Audio-to-text alignment for speech recognition with very limited resources

Xavier Anguera, Jordi Luque, Ciro Gracia

In this paper we present our efforts in building a speech recognizer constrained by the availability of very limited resources. We consider that neither proper training databases nor initial acoustic models are available for the target language. Moreover, for the experiments shown here, we use grapheme-based speech recognizers. Most prior work in the area use initial acoustic models, trained on the target or a similar language, to force-align new data and then retrain the models with it. In the proposed approach a speech recognizer is trained from scratch by using audio recordings aligned with (sometimes approximate) text transcripts.

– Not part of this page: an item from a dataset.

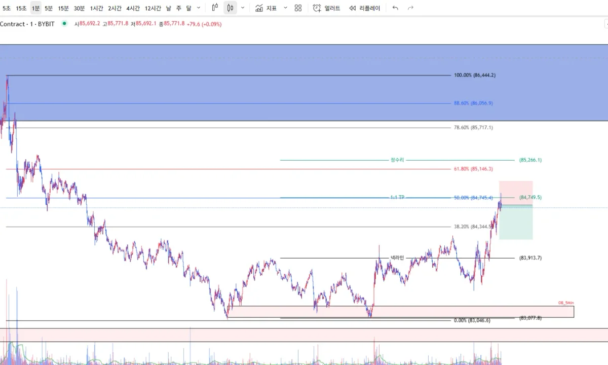 더블바텀의 1:1 TP 도달 및 하락의 50 명치 되돌림 겹치는 구간을 확인하고 숏 진입을 했습니다.

All training data has been harvested online (e.g. audiobooks, parliamentary speeches). First, the audio is decoded into a phoneme sequence by an off-the-shelf phonetic recognizer in Hungarian. Phoneme sequences are then aligned to the normalized text transcripts through dynamic programming. Correspondence between phonemes and graphemes is done through a matrix of approximate sound-to-grapheme matching. Finally, the aligned data is split into short audio/text segments and the speech recognizer is trained using Kaldi toolkit. Alignment experiments performed for Catalan and Spanish show the feasibility to obtain accurate alignments that can be used to successfully train a speech recognizer.